Still to this day, the late 1980’s song First Time, sung by Robin Beck and featured in the Coca Cola advertisement, rings in my head. The instant I hear the song, I empathise with the emotion of firsts. First time, first love, oh what feeling is this. Electricity flows like the very first kiss, the song goes on to say.

The song reminds me how firsts tend to etch positive, indelible memories we eagerly recall in admiration. I know firsts are typically special because they often transform and bridge the gap from where we are into the unknown. It is for this reason they are remembered as defining moments shaping how we act and who we are.

But then, not all transformative firsts are equal. There are some, no matter how much we try to find the good and the positive, where we simply can’t because the associated memories are nestled in a nest of trauma with thorny sharp lessons. Nevertheless, these firsts bring with them a naked and acute realisation that a part of our lives and bodies are defined in not so much what we do but by the contrast of who we are.

I imagine if you ask any Person of Colour (POC) living in America, across Europe, or many parts of the world, they may share with reluctance recollections of their first and sadly inevitable racial encounter.

I guarantee whatever they say or do, the hurt and feelings are stitched into their very existence and remain a constant reminder that as much as we hear and see, the world today is better in many ways than it was yesterday. The changes didn’t come soon enough for the pain they endured.

I’ve learned that people will forget what you said, people will forget what you did, but people will never forget how you made them feel.
—Maya Angelou

Racial Inequality Is on a Cycle of Rinse, Wash, Repeat

For many People of Colour, their skin colour’s significance is thrust upon them in an all-too-familiar, traumatising unwanted first. For me, my earliest racial encounter is rooted in school and came at a moment when my primary concern, like any other small child, was about fitting in and having fun. At the time, I was fortunate to be guided and supported by family. But here is the thing—no matter the support and family preparation, when this day comes, this first always cuts deep, leaving an everlasting echo that you grow up to hear in between the walls of communities, organisations, corporations, and government institutions.

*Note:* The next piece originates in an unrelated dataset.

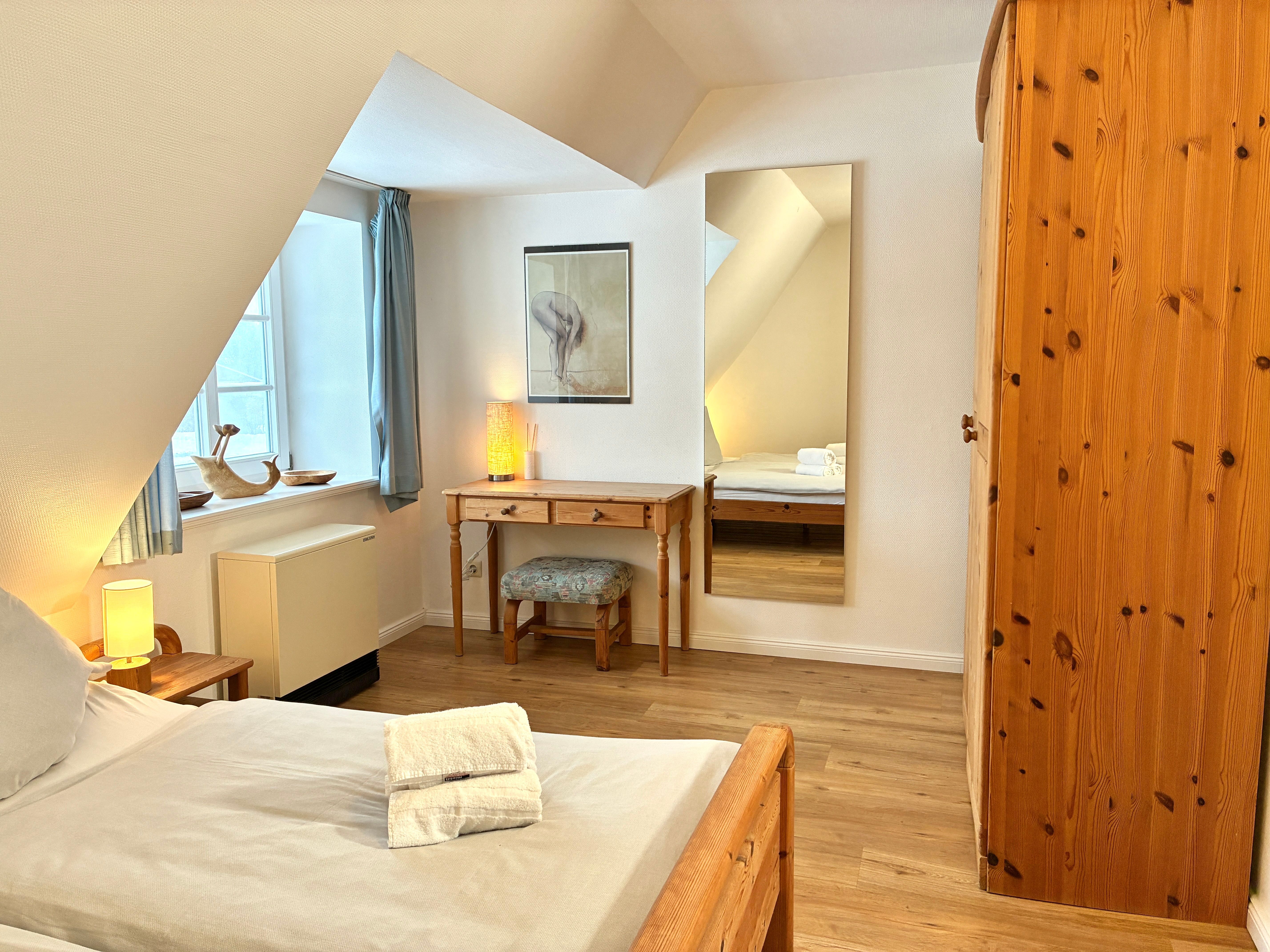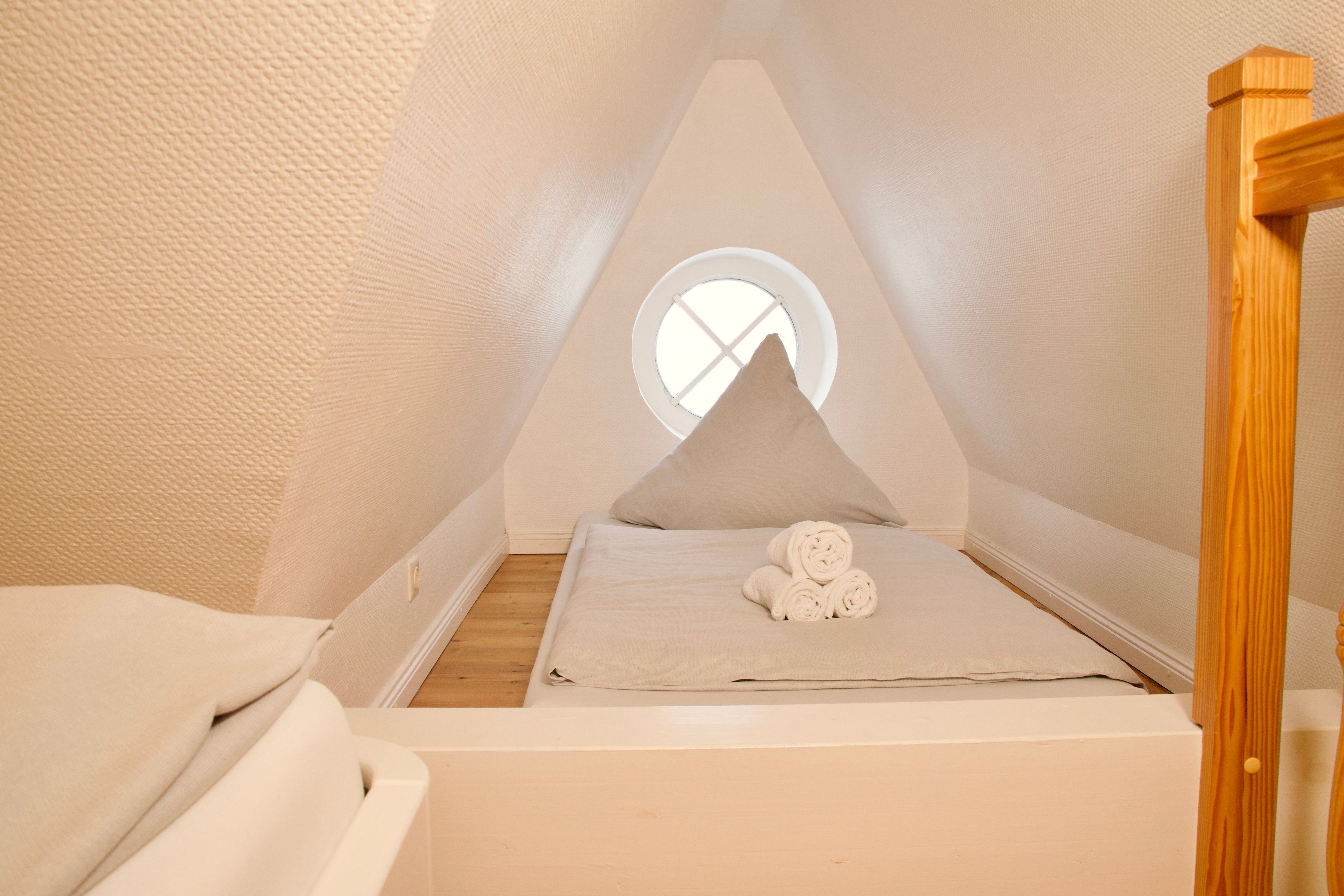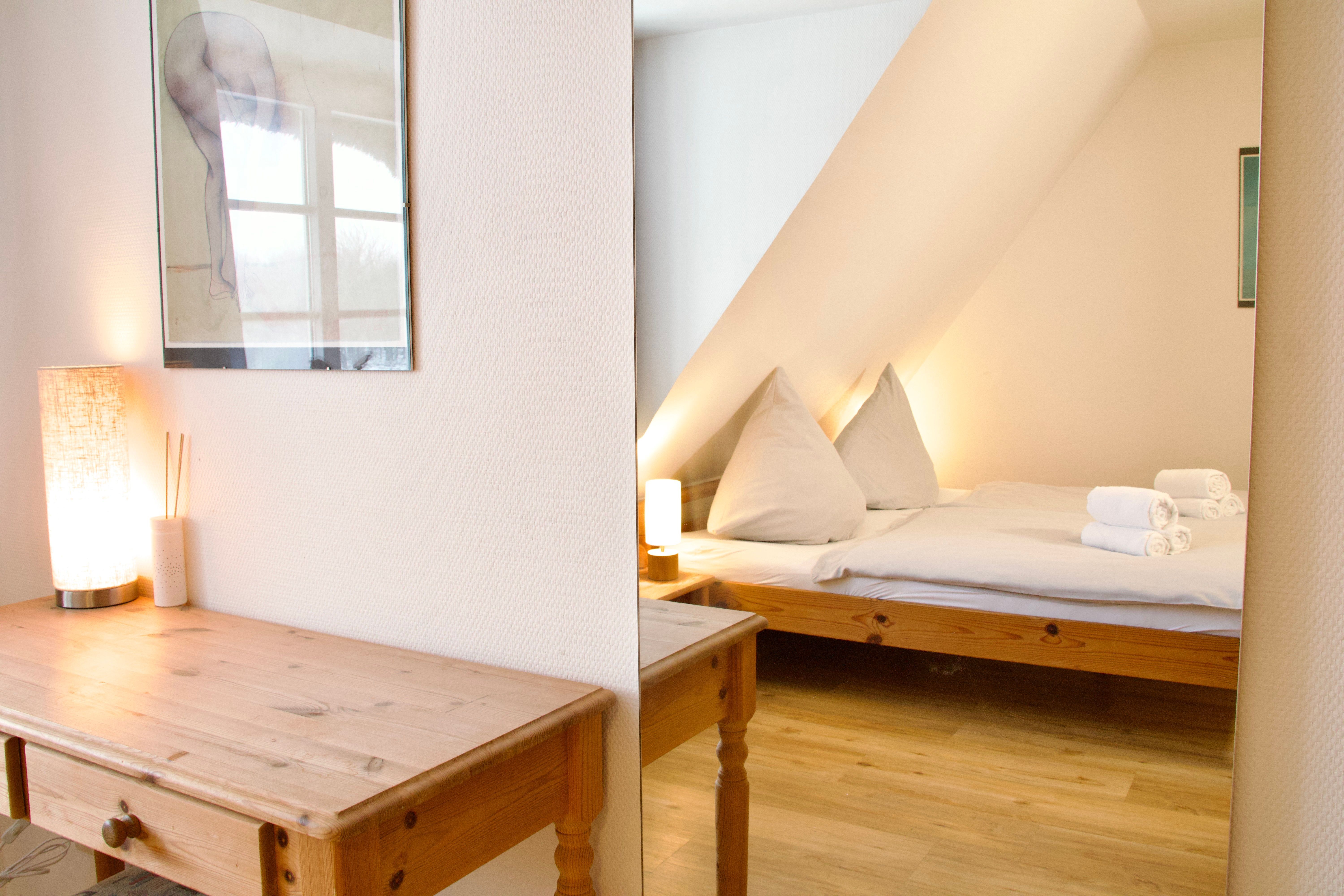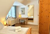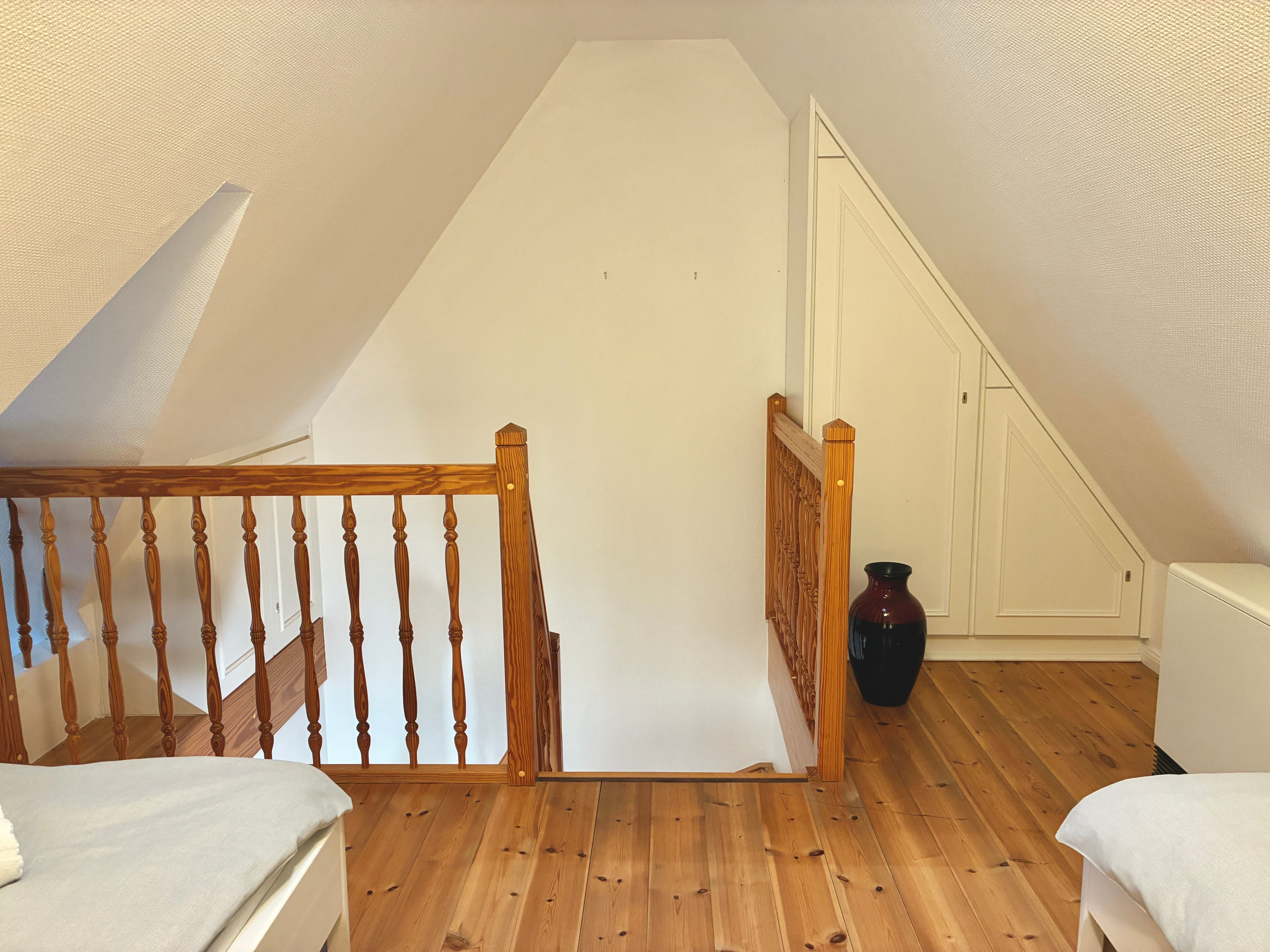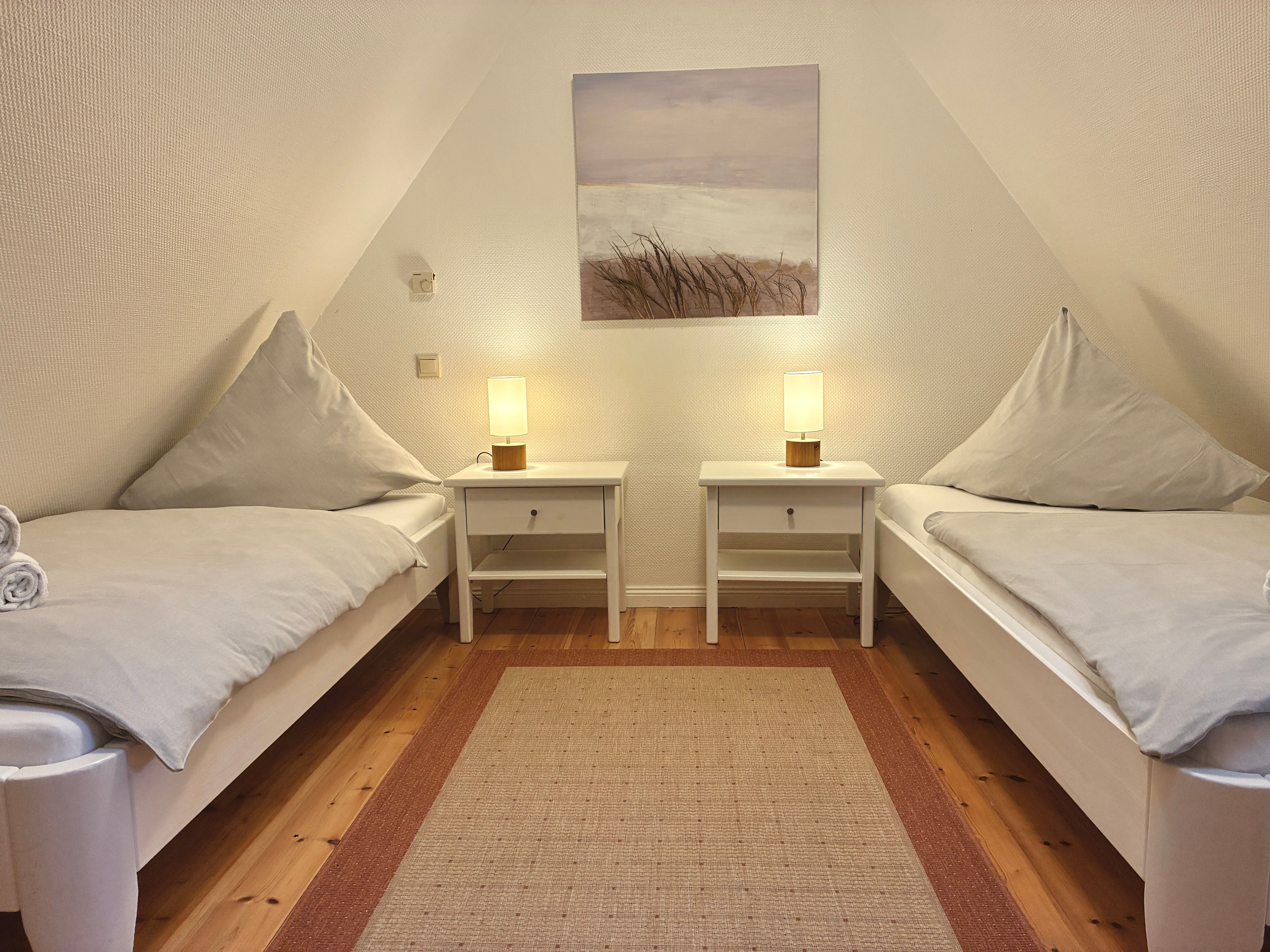Im ersten Obergeschoss befinden sich zwei Schlafzimmer, eines mit Doppelbett und eines mit zwei Einzelbetten, sowie ein Duschbad. Ein drittes Schlafzimmer mit zwei Einzelbetten liegt im ausgebauten Giebelzimmer, das offen gestaltet ist und zusätzlichen Raum bietet.

The feeling of otherness once experienced comes with a recognition you cannot erase and ignore, you cannot climb out of when fatigued, and you cannot switch off and say I am tired and done. It is a tattoo or a form of branding that you may discover how to suppress but never fully hide.

Instead, you learn how to protect yourself, and as you recall pivotal global events surrounding the murder of George Floyd, you rightly become impatient but at the same time numb to the cycle of hope, promise, and despair. You know the energy it takes to momentarily believe the promise of change is consuming, so you remain guarded and never fully trust because what you see and experience every day is evidence of how the world operates on a repeated cycle of trauma and pain.

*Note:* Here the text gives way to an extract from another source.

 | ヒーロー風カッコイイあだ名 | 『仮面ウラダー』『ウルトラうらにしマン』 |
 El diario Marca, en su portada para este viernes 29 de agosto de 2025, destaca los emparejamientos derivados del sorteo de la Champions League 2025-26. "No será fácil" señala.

A seated Black man and Black woman look askance, skeptically
Photo by Joshua Mcknight from Pexels

Is There Any Value in Asking When?

Whether you are a Person of Colour or not, when you first fully witness or rather, unfortunately, experience the repeated cycle of pain and suffering, it is only natural and human that you would ask, how long must this continue, how many more lives must be blighted by ignorance, how many more people must be made to feel less by the perpetuation of white supremacy? How many more people and generations must be made to feel that they must justify and fight for their right to be seen and treated as equal?

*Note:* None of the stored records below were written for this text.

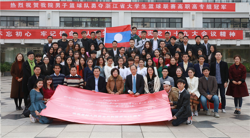 院长盛健表示中国人民和老挝人民之间有着深厚的友谊。学院继2015年举办了老挝教育与体育部部属院校骨干教师培训后,在2016、2017年招收了两届老挝留学生,成为浙江省第一所招收成建制专业留学生的院校。老挝留学生的勤奋、努力、善良、能歌善舞等,受到了全院师生的喜爱。他祝愿老挝留学生在这里快乐学习,快乐生活!希望学院的同学和老挝留学生都能成为友谊的使者,为推进两国人民的友好往来作出贡献。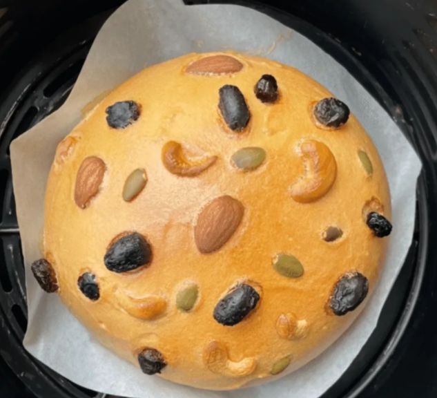 用刮刀把蛋白霜舀到铺了油纸的烤盘上,随意堆成小山包的样子,不需要抹平,自然的形状反而好看。表面撒上葡萄干和坚果碎。烤箱提前预热到150度,中层烤20分钟左右,观察到表面变成浅金黄色就可以了。刚出炉的云朵蛋糕很娇气,稍微凉一分钟就会自然回缩一点,这是正常现象。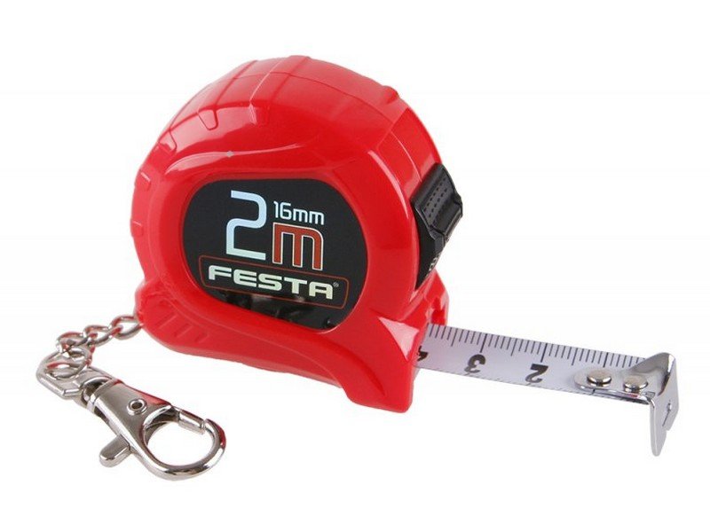 - svinovací metr, přívěšek na klíče s karabinou - tělo metru vyrobeno z kvalitního ABS plastu - 1 brzda s dorazem navíjení pásky - bílá barva pásky - dobře čitelná stupnice - koncový háček s antikorozní úpravou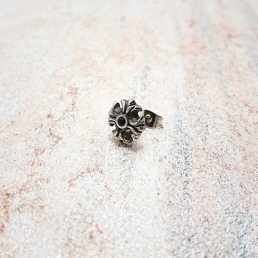 ユリの紋章を組み合わせたようにも見えるクロスのピアスは、センターにブラックジルコニアが入った存在感のあるアイテムです。
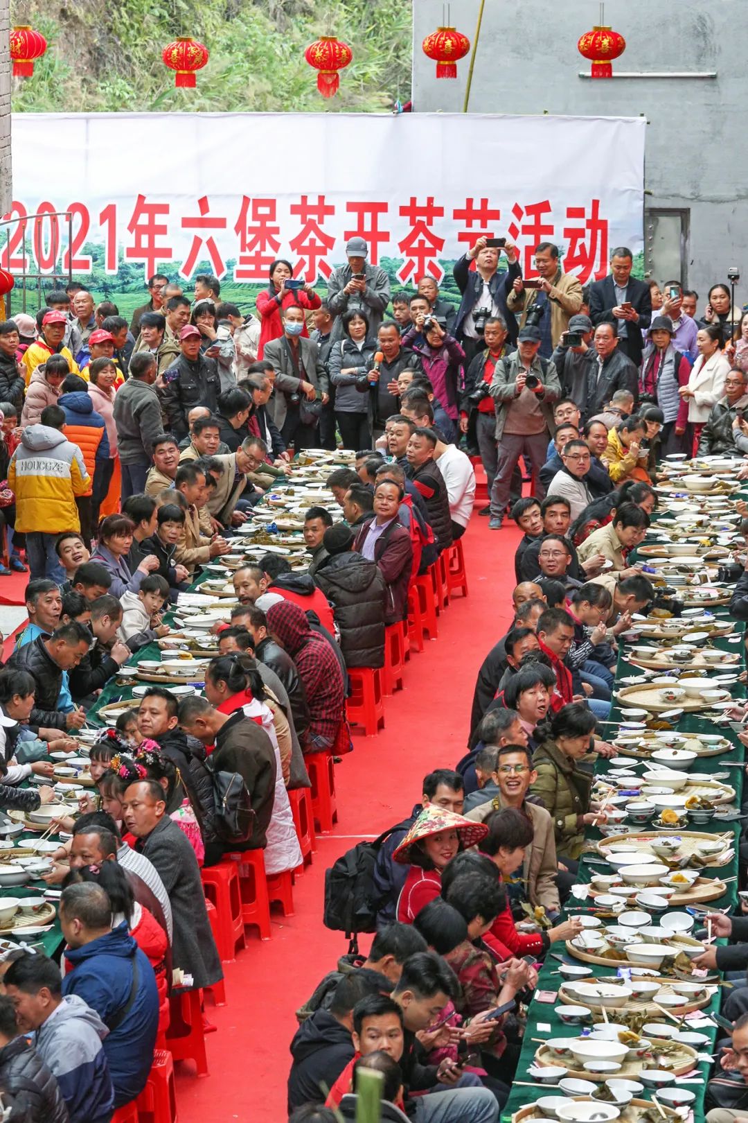 六堡茶开茶节上的流水席。摄影/张新

The questions keep coming, and I wish I could answer. I wish I could say something definitive like in one or two, maybe five or ten years, we will see an end to the continuation of racial inequality, but I can’t—and understandably, nobody honestly can.

Racial inequality feels like an open-ended fight where sadly not enough of us have tried to cauterise humanity’s self-inflicted wound. As a result, the wound is open, and despite the early signs of healing, the whole body is not aware, and so the true cost goes noticed, and the depth of the cut remains unknown.

I have concluded that there are many scholarly articles on why we face inequality today, and there have been many debates and discussions of what we need and should do next. But still, we can’t answer the question of when. We can’t provide a date when there will no longer be a need to celebrate the first black female president or prime minister because it is naturally expected.

Why is that?

Is it because those with power have no real desire for change? Is it because we need to unstitch hundreds of years of history and social change takes generations in the making? Is it because the extent of the problem is not fully understood? Again, many questions and so few answers, but please indulge me while I explain what I know below.

We Changed Our Laws but Did We Really Change?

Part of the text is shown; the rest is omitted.